However, in the case of updating a minor version of ODS (the number after the dot) backup/restore is redundant (it is only necessary to add the missing system tables and fields, as well as some packages). An example of such an update is updating ODS 13.0 (Firebird 4.0) to ODS 13.1 (Firebird 5.0), since the major version of ODS 13 remained the same.

Starting from Firebird 5.0, it became possible to update the minor version of ODS without the lengthy backup and restore operations. For this, the gfix utility is used with the -upgrade switch.

Key points:

  • The update must be performed manually using the command gfix -upgrade

  • Exclusive access to the database is required, otherwise an error is issued.

  • The system privilege USE_GFIX_UTILITY is required.

  • The update is transactional, all changes are rolled back in case of an error.

  • After the update, Firebird 4.0 can no longer open the database.

Usage:

gfix -upgrade  -user  -pass 
Note
  • This is a one-way modification, there is no way back. Therefore, before updating, make a copy of the database (using nbackup b -0) to have a restore point in case something goes wrong during the process.

  • Updating ODS using gfix -upgrade does not change the data pages of user tables, so the records will not be repacked using the new RLE compression algorithm. But newly inserted records will be compressed using the improved RLE.

2. Improved data compression algorithm

As you know, in Firebird, table records are stored on data pages (DP) in compressed form. This is done so that as many records as possible can fit on one page, which in turn saves disk input-output. Until Firebird 5.0, the classic Run Length Encoding (RLE) algorithm was used to compress records.
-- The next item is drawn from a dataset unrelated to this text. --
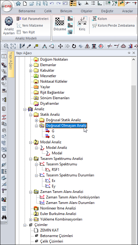 Doğrusal olmayan analiz ve yükleme durumları yapı ağacında Analiz klasörü altında gösterilir.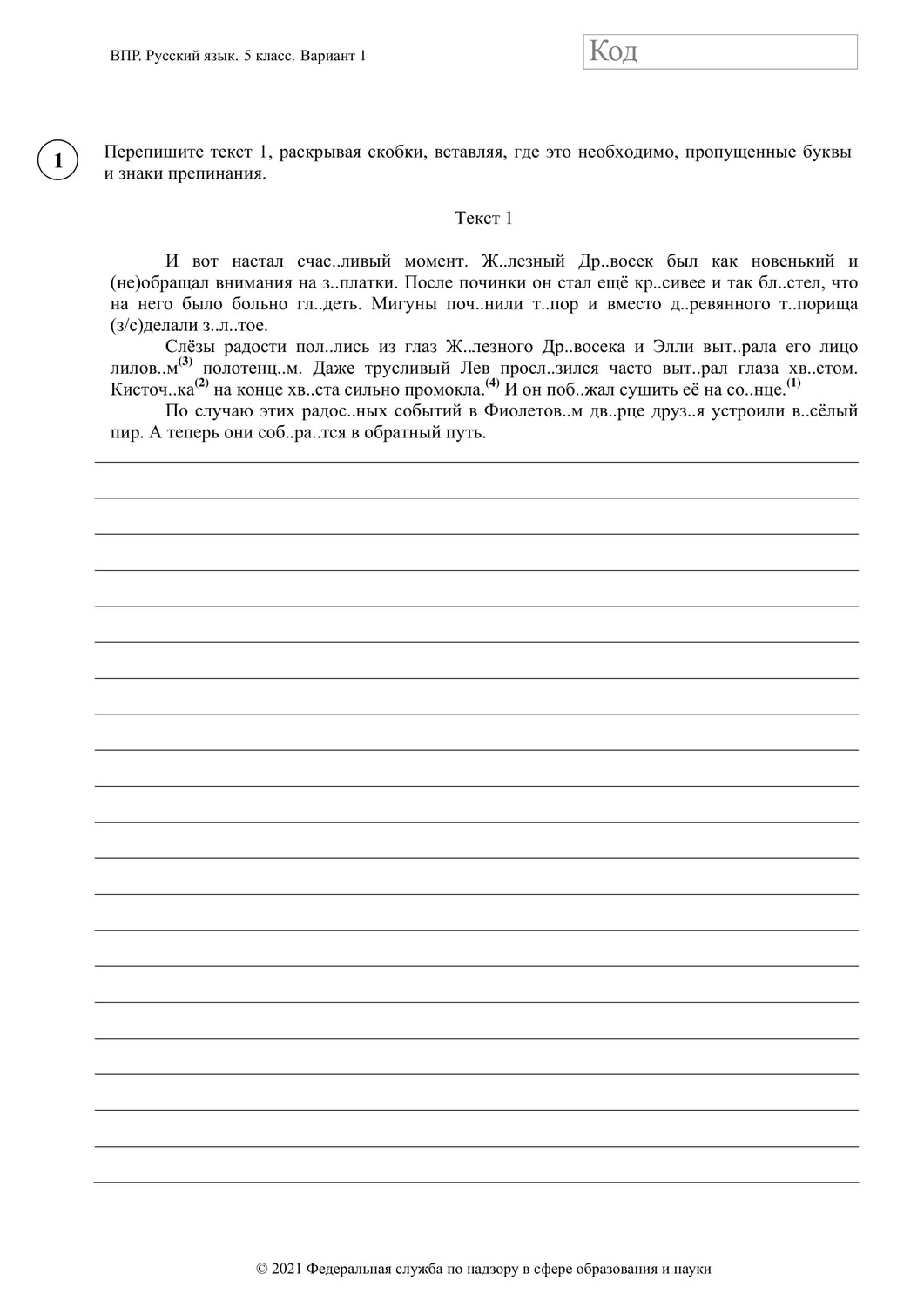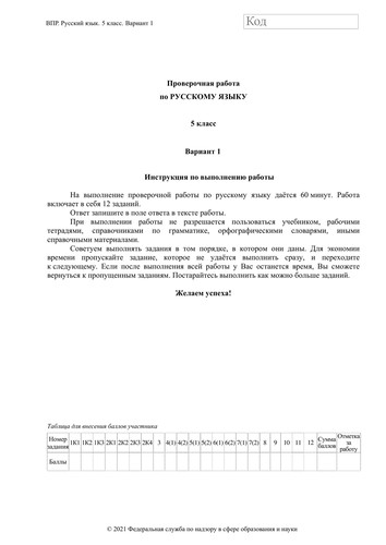 ВПР по русскому языку 5 класс. Вариант с ответами

The classic RLE algorithm works as follows. A sequence of repeated characters is reduced to a control byte, which determines the number of repetitions, followed by the actual repeated byte. If the data cannot be compressed, the control byte indicates that "the next n bytes should be output unchanged".
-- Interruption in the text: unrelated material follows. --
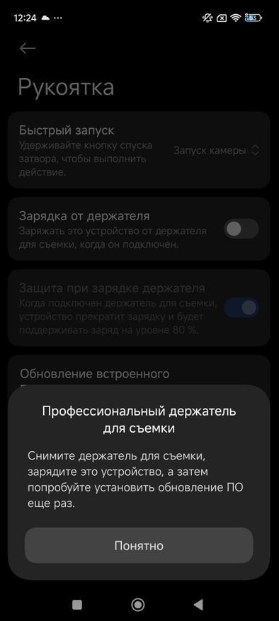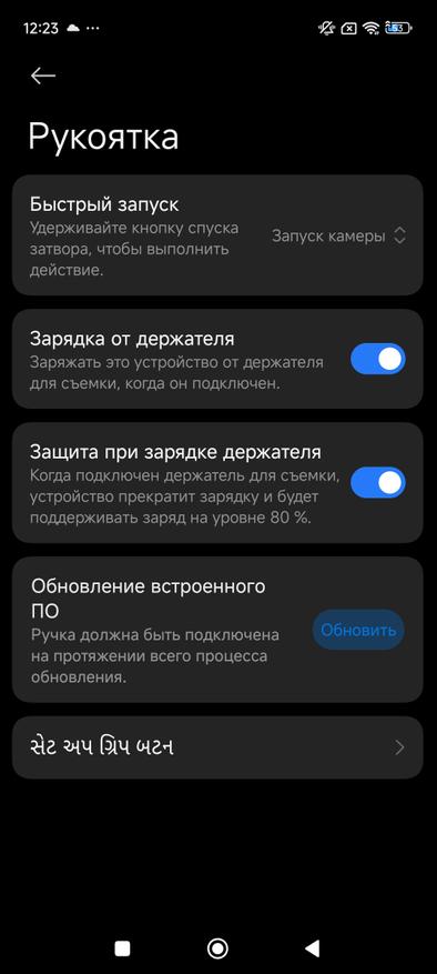 Кит определяется как «Профессиональный держатель для съемки) при подключении батарейной рукоятки через USB-С. В прошивке активируется дополнительный раздел с настройками. Отмечу возможность выбора опций для каждой из кнопок, а также возможность обновить ПО для этого «чехла».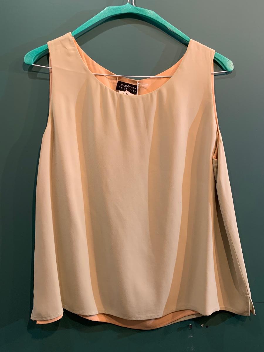 Liz Claiborne Collection Reversible Silk Shell Top - Size 14, Cream and Blush

The control byte is used as follows:

  • n > 0 [1 .. 127] - next n байт will be stored as is;

  • n < 0 [-3 .. -128] - next byte will be repeated n times, but stored only once;

  • n = 0 - end of data.

Mainly, RLE is effective for compressing trailing zeros in fields of type VARCHAR(N), which are not fully filled or are equal to NULL. It is fast enough and does not load the processor much unlike dictionary-based algorithms, such as LHZ, ZIP, GZ.
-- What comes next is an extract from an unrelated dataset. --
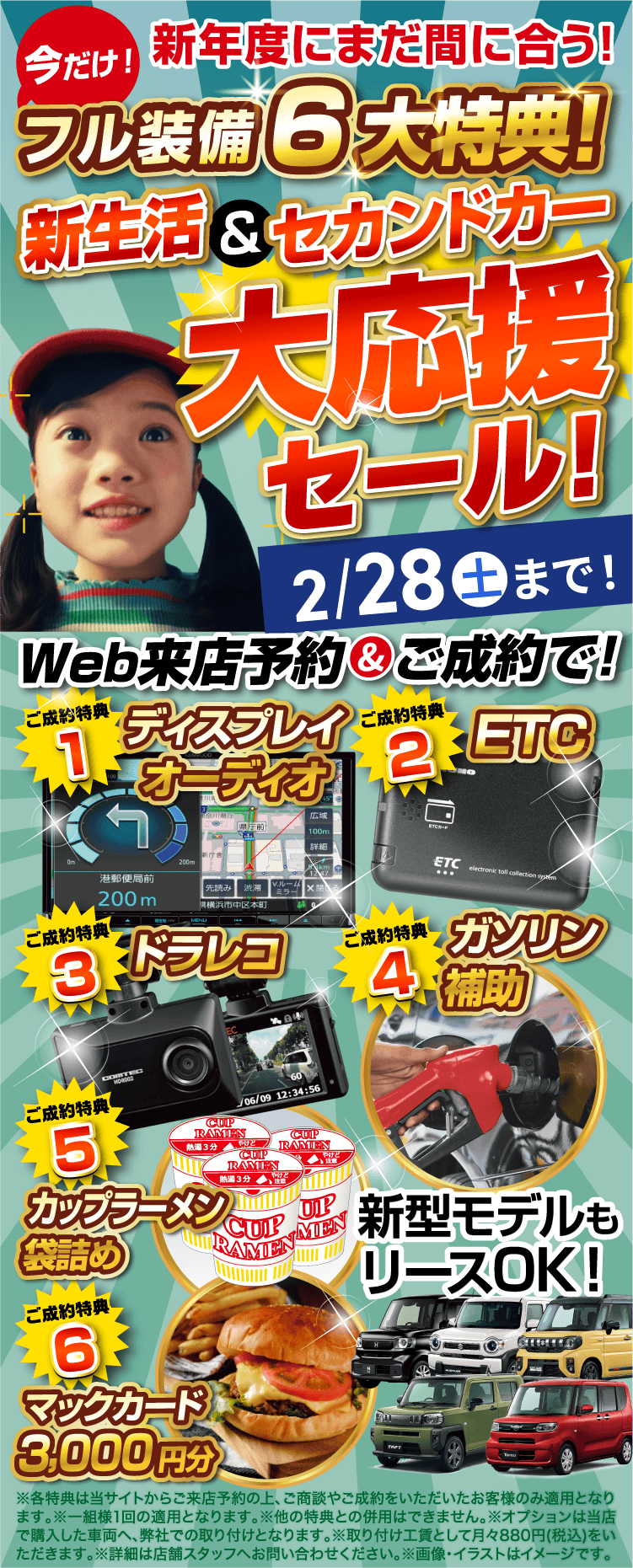 - 残価を高く設定!自社で中古販売も行っているため、7年後のお車を高く買い取れます!

But the classic RLE algorithm has drawbacks:

  • the maximum compression ratio is 64 times: the control byte can encode 128 repeating bytes turning them into 2 bytes. Thus, 32000 identical bytes will take up 500 bytes. This problem has worsened lately with the advent of the UTF8 encoding, where 4 bytes are allocated for each character.

  • in some cases, the compressed byte sequence may become longer than the uncompressed one, if the data is not compressible.

  • frequent alternation of short compressible and non-compressible sequences additionally loads the processor, thus offsetting the benefit of saving disk input-output.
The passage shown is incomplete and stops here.